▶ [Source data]
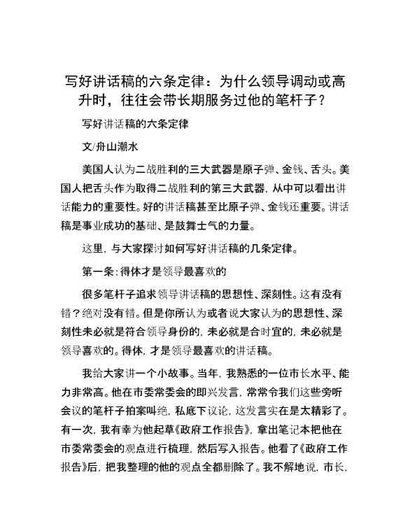 写好讲话稿的六条定律:为什么领导调动或高升时,往往会带长期服务过他的笔杆子? 2024-03-17 Word模板 104 购买前,请一定要先点击这里看看,欢迎持续关注,精彩模板每天推送 预览结束,本文件为word文档,一共11页,共4948字,请购买后,下载后查看 购买前,请一定要先点击这里看看,欢迎持续关注,精彩模板每天推送 资源下载下载价格29 RMBVIP免费升级VIP点击检测网盘有效后购买有任何充值和下载问题请加微信:xuexixuexi66 0 演讲发言
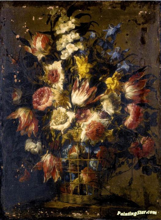 Still Life of Flowers in a Wicker Basket, Art Painting by Juan de Arellano
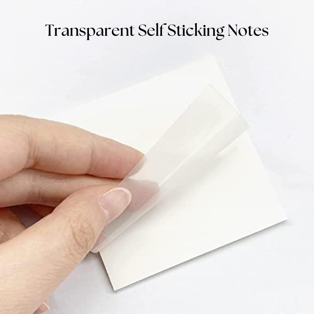 Quantity and size: you will get 2 packs of transparent sticky notes, the sizes are 3 x 3 inch, 50 sheet per pack, 100 sheet in total; Sufficient quantity and size of sticky notes to meet your use and replacement
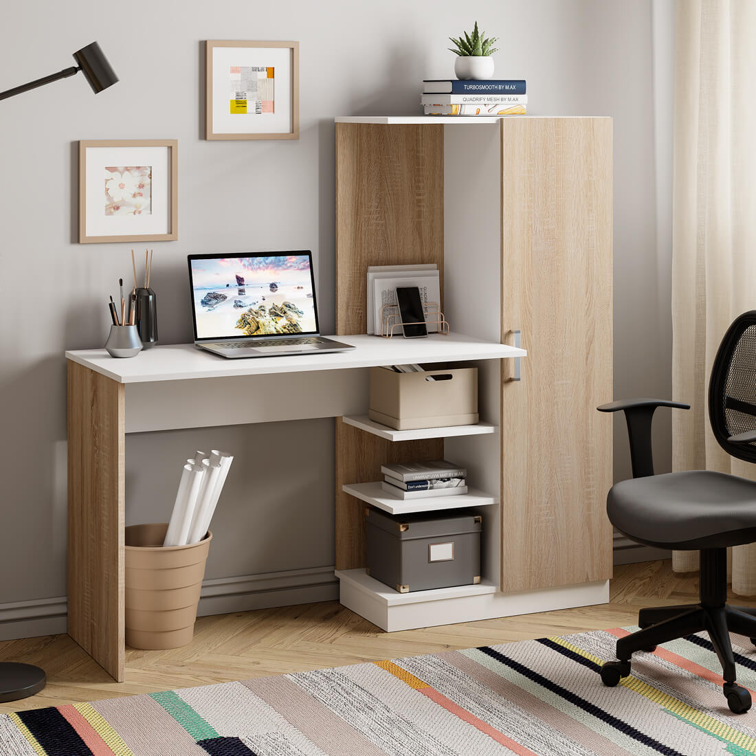 конструкция модели представляет собой вместительную столешницу, зону с открытыми полками,
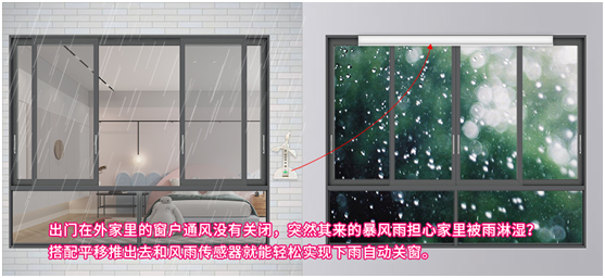 為了保證家中空氣流通,大家經常出門去上班了,也不會關閉家里的窗戶,但是突如其來的暴風雨會把家中的電器、沙發給淋壞,在辦公室的你只能干著急?你可以安裝簡舒智能窗戶搭配一個風雨傳感器就能輕松實現下雨自動關窗,每次下雨時,都會觸發風雨傳感器,風雨傳感器會把下雨信號傳達給智能窗戶,智能窗戶會立即自動關閉窗戶,家中有個智慧管家,是不是瞬間就讓你的工作變得更加安心,生活更加舒心?
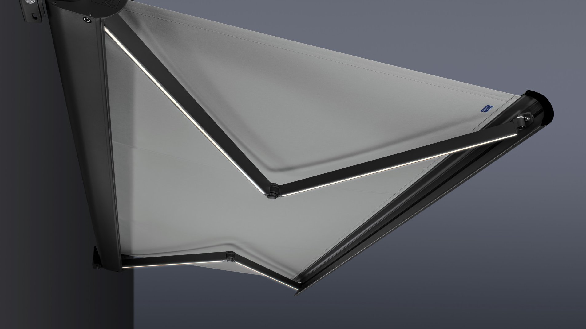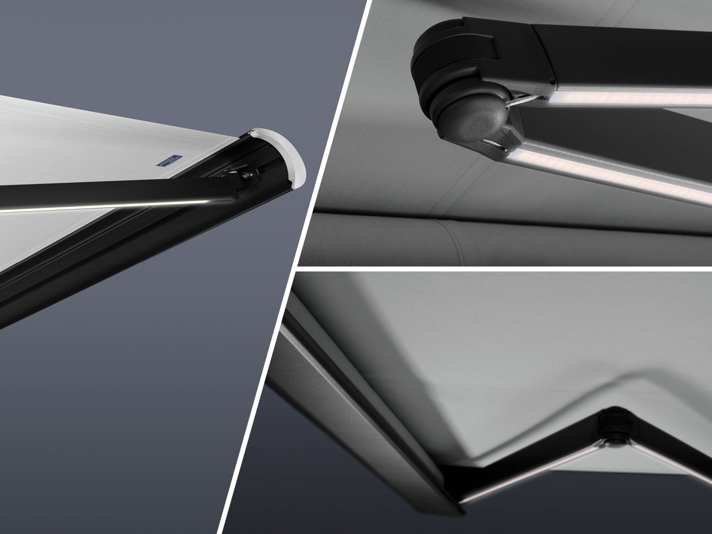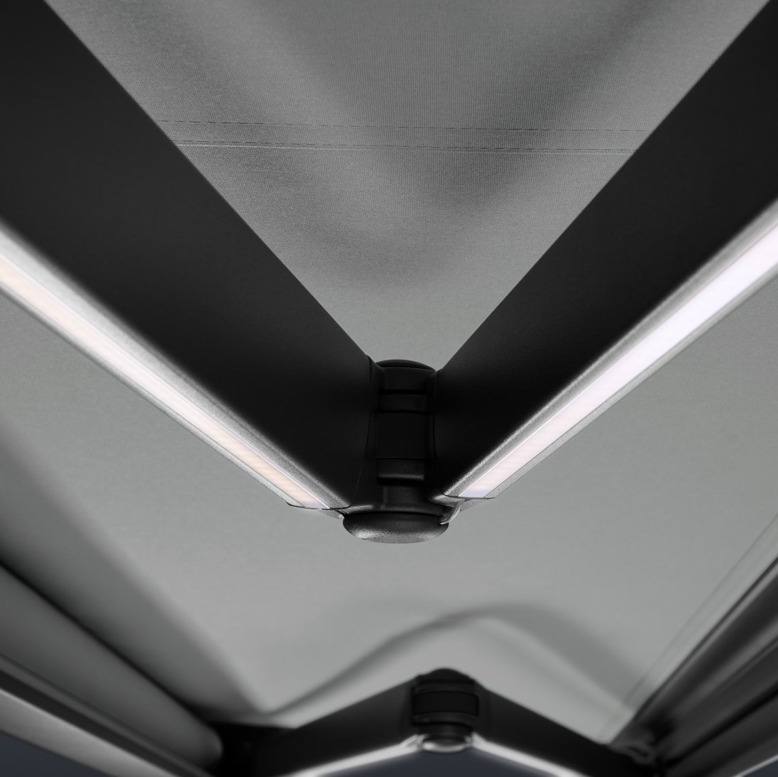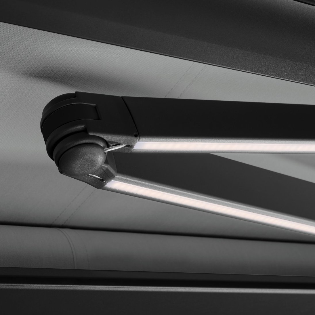 Simon Baumann: LED lighting is fitted in the box profile of individual sun blinds. I always thought it would be best to integrate the LEDs in the articulated arms as this way the light shines down directly from above. As we embarked on this project to design the next generation of articulated arms, we seized the opportunity to develop the addition of elegant LED lighting.

▶ [PROBLEM DETAILS] Copy the records above exactly, leaving out every picture.

▶ [RESPONSE FOR THIS EXERCISE]
 写好讲话稿的六条定律:为什么领导调动或高升时,往往会带长期服务过他的笔杆子? 2024-03-17 Word模板 104 购买前,请一定要先点击这里看看,欢迎持续关注,精彩模板每天推送 预览结束,本文件为word文档,一共11页,共4948字,请购买后,下载后查看 购买前,请一定要先点击这里看看,欢迎持续关注,精彩模板每天推送 资源下载下载价格29 RMBVIP免费升级VIP点击检测网盘有效后购买有任何充值和下载问题请加微信:xuexixuexi66 0 演讲发言
 Still Life of Flowers in a Wicker Basket, Art Painting by Juan de Arellano
 Quantity and size: you will get 2 packs of transparent sticky notes, the sizes are 3 x 3 inch, 50 sheet per pack, 100 sheet in total; Sufficient quantity and size of sticky notes to meet your use and replacement
 конструкция модели представляет собой вместительную столешницу, зону с открытыми полками,
 為了保證家中空氣流通,大家經常出門去上班了,也不會關閉家里的窗戶,但是突如其來的暴風雨會把家中的電器、沙發給淋壞,在辦公室的你只能干著急?你可以安裝簡舒智能窗戶搭配一個風雨傳感器就能輕松實現下雨自動關窗,每次下雨時,都會觸發風雨傳感器,風雨傳感器會把下雨信號傳達給智能窗戶,智能窗戶會立即自動關閉窗戶,家中有個智慧管家,是不是瞬間就讓你的工作變得更加安心,生活更加舒心?
 Simon Baumann: LED lighting is fitted in the box profile of individual sun blinds. I always thought it would be best to integrate the LEDs in the articulated arms as this way the light shines down directly from above. As we embarked on this project to design the next generation of articulated arms, we seized the opportunity to develop the addition of elegant LED lighting.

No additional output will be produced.